All facts and circumstances that bear on the activity are to be taken into account in determining whether it was engaged in for profit. Sec. 1.183-2(b), Income Tax Regs. Included in the regulation are nine factors as among those that should normally be considered: (1) The manner in which the taxpayer carried on the activity; (2) the expertise of the taxpayer or his advisors; (3) the time and effort expended by the taxpayer in carrying on the activity; (4) the expectation that assets used in the activity may appreciate in value; (5) the success of the taxpayer in carrying on other similar or dissimilar activities; (6) the taxpayer's history of income or losses with respect to the activity; (7) the amount of occasional profits, if any, which are earned; (8) the financial status of the taxpayer; and (9) the presence of elements of personal pleasure or recreation. No single factor is controlling. Golanty v. Commissioner,supra at 426; Dunn v. Commissioner,supra at 720.*338

Petitioners argue that they were engaged in the business of breeding, raising and showing horses. Respondent contends that petitioners' quarter horse operation was not a business. We agree with respondent.

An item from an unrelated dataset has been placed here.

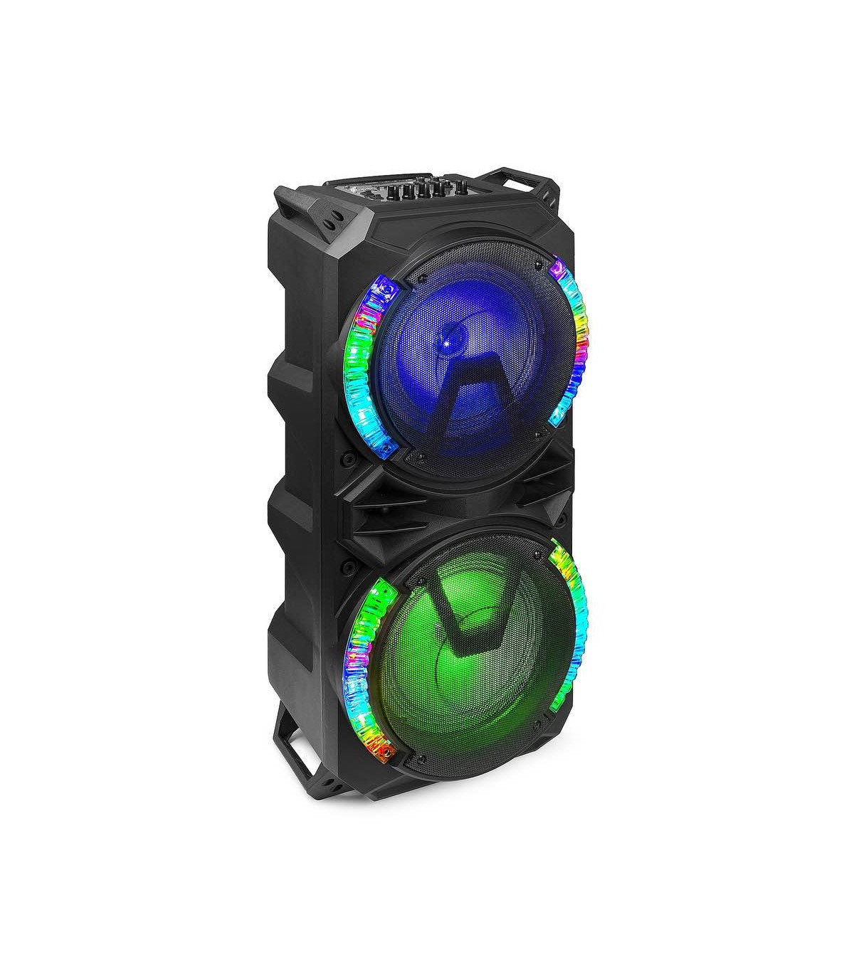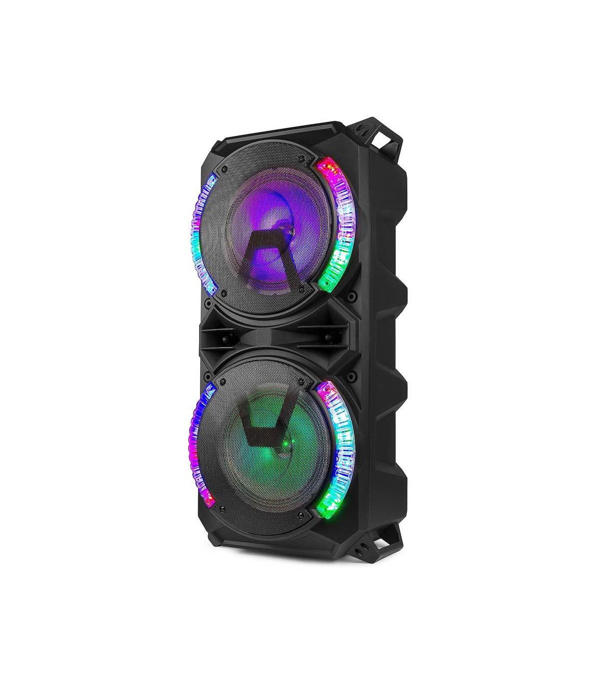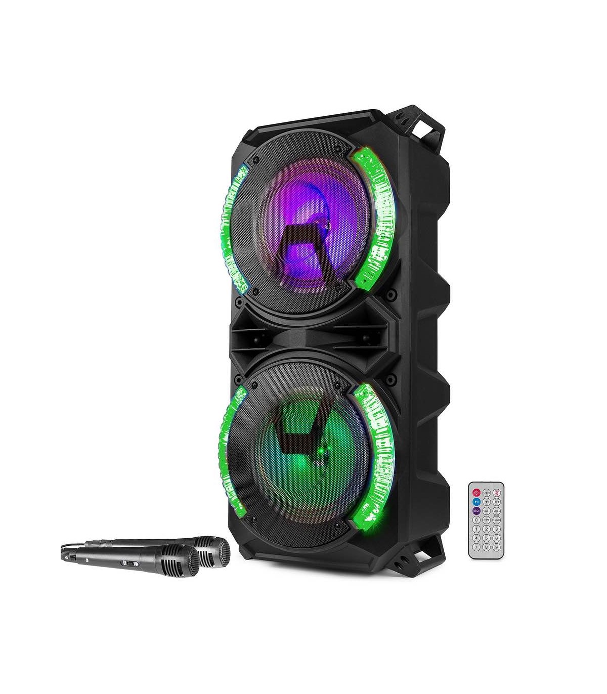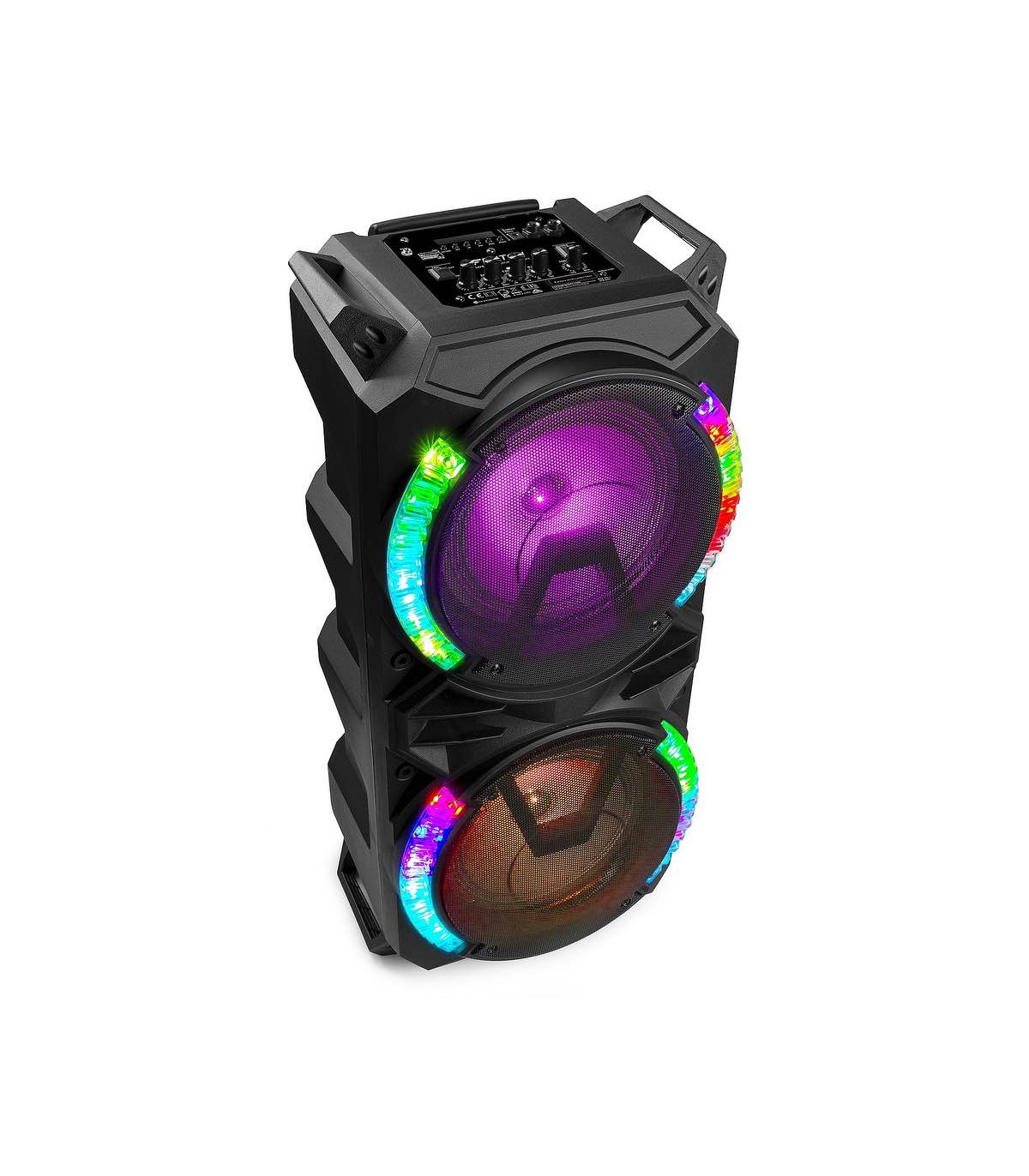 In piedi, questa è la stazione karaoke LIVE280. Questo potente altoparlante 2x 8" con batteria e amplificatore integrati è dotato di 2 microfoni. È inoltre dotato di tecnologia BT per riprodurre in streaming la tua musica preferita dal tuo smartphone, tablet o PC e di un lettore multimediale integrato per collegare una scheda microSD/USB stick per la riproduzione diretta della musica.Le luci LED RGB commutabili con controllo del suono intorno agli altoparlanti aggiungono un effetto straordinario a qualsiasi festa o evento.Per coloro che preferiscono un approccio più rilassato, è incluso un telecomando per azionare LIVE280 a distanza.

In support of their argument that the quarter horse operation was a business, petitioners point to the manner in which the operation was conducted. Petitioners assert that they (1) purchased a suitable facility for the conduct of a business, (2) maintained a full set of books, (3) publicized their operation extensively, and (4) made changes in operating procedures in an effort to increase profitability. These assertions are not fully supported in the record. To the extent they are supported, we have not been persuaded that petitioners intended to make a profit from the operation of Wenfel Farms.

First, while Wenfel Farms may have been generally suitable for use as an operating horse farm, it may not have met the needs of a horse breeder beginning a business venture. 7 Additionally, petitioners purchased more than a basic facility on which horses could be bred, trained and sold. They acquired a large tract of land within commuting distance of New York City with a fully*339 landscaped four-bedroom house and swimming pool. Petitioners have not established that the Wenfel Farms property was suitable or designed to be other than a recreational horse-breeding facility.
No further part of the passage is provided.